WASHINGTON — Looking for Ben & Jerry’s chocolate chip cookie dough ice cream? The company renamed it, “I dough, I dough,” on Friday to celebrate the Supreme Court’s ruling on gay marriage. A bevy of other companies — such as Southwest Airlines and Target — tweeted their celebrations as well.
AT&T turned its blue globe logo into a rainbow an hour after the ruling was announced. Fast-casual chain Chipotle tweeted “Homo estas? Very well, thank you. #LoveWins” to its more than 650,000 followers.
One of the most striking reactions to the high court’s historic decision was the overwhelming support from the nation’s corporate giants, marking a departure from when American companies shied away from controversial social issues.
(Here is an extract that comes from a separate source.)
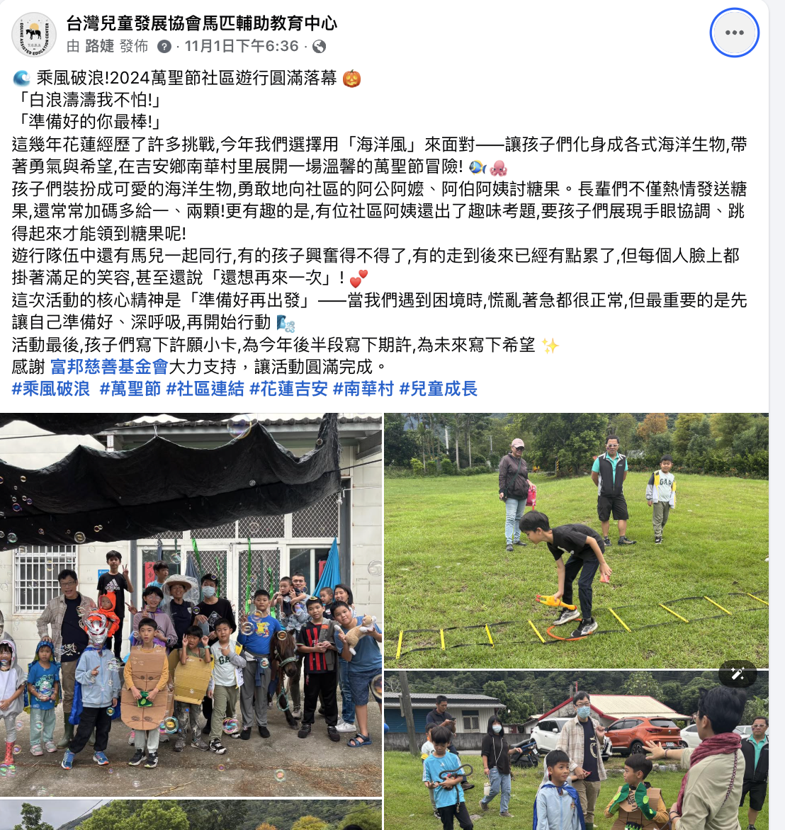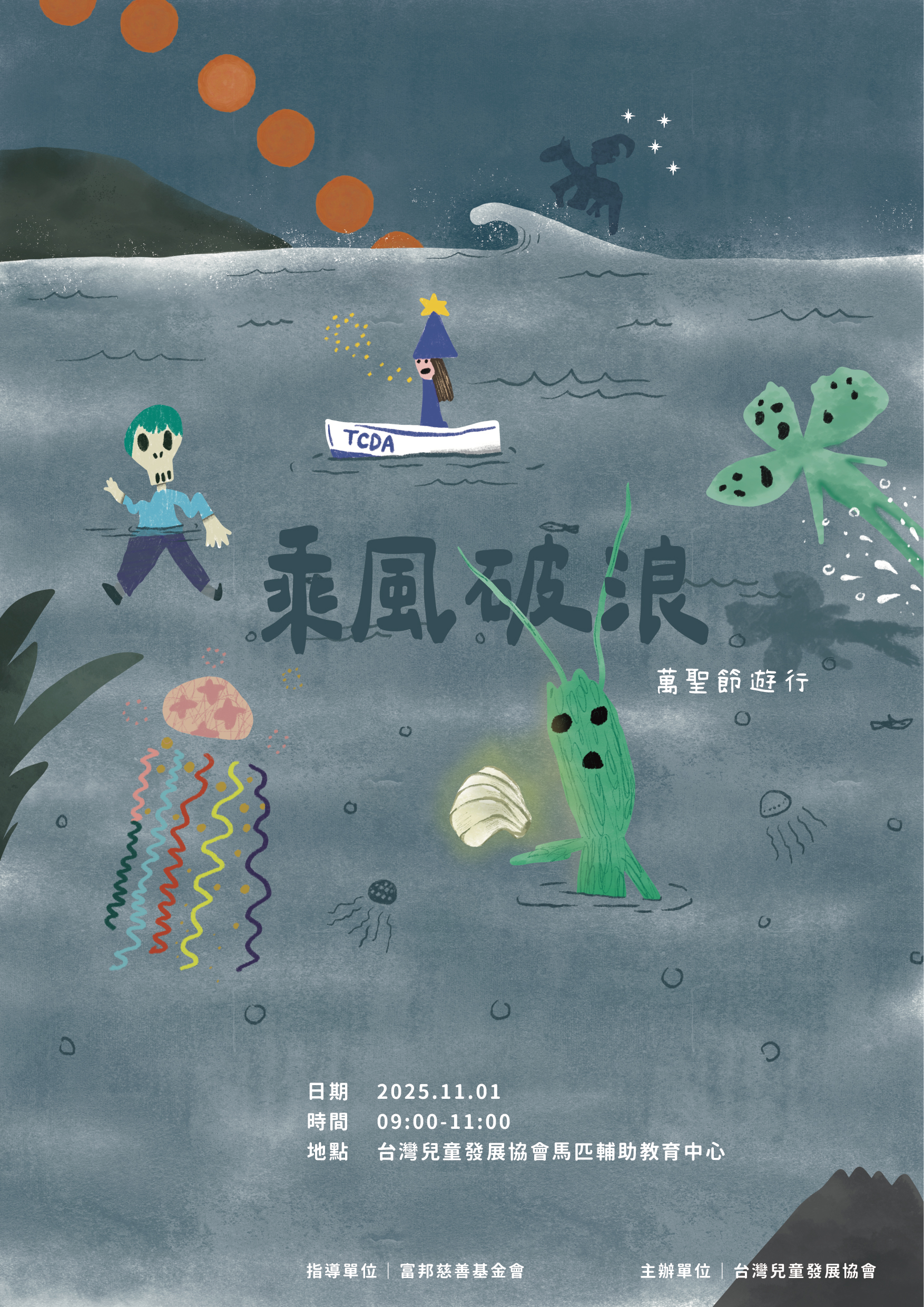 台灣兒童發展協會舉辦年度萬聖節社區遊行活動,今年以「乘風破浪」為主題,讓孩童化身各式海洋生物,與社區居民進行溫馨互動,展現在地凝聚力。

The enthusiastic business support for the ruling is a reflection of the popular groundswell of support for gay marriage, analysts said. Companies risked more financial harm if they stayed silent on the issue rather than voicing an opinion that alienated clients who side with the court’s dissenters, they said.
“Any time you take a stand on an issue, you will polarize some part of the marketplace,” said Allen Adamson, chairman of brand-consulting firm Landor.
The support from some of the country’s largest companies raised the ire of some conservatives, who threatened to take their business elsewhere.
After Southwest tweeted “#SouthwestHeart beats for love,” with the hashtags “MarriageEquality” and “LoveWins,” David Lane, founder of the American Renewal Project, threatened to do just that.
“If Southwest Airlines wants to get embroiled in the cultural battle over same-sex marriage — and alienate 50 percent or so of your customers — this tweet is a good way to do that,” Lane wrote to Southwest in an email he provided to The Washington Post.
“I think the businesses that are doing this are very shortsighted,” he said later in an interview. “I think the only way they walk this back is if there’s pain involved.”
Southwest, which didn’t return requests for comment, operates hubs in the South and Midwest, regions where support for gay marriage is the lowest in the country.
The question for these companies, analysts said, is who do you want to upset? Saying nothing will land businesses in the doghouse with young consumers who want companies to be corporate citizens, not just salesmen, Adamson said. But alienating conservatives comes with its own risks.
Corporations need to build their own identities beyond their product, he said. Those tactics traditionally were reserved for issues where the country’s opinion was united, such as during times of war or after natural disasters.
Now, if businesses don’t say something, consumers — especially millennials, a demographic companies are desperate to make brand-loyal — are likely to walk away.
“If a company doesn’t stand up, customers will vote with their wallet and go elsewhere,” Adamson said. “And it’s not because there’s better coffee or jeans or airplanes.”
Levi Strauss & Co. has a history of speaking out on social issues, including being an advocate for HIV/AIDS education, and has not shied away from weighing in on gay marriage.
It was the first company to file a friend-of-the-court brief when the California Supreme Court debated same-sex marriage in 2007. On Friday, it sent out multiple posts on Twitter in support of the decision and featured a rainbow-themed logo.
“Consumers care about value, and they also care about values,” said Anna Walker, Levi’s senior director of public policy and advocacy.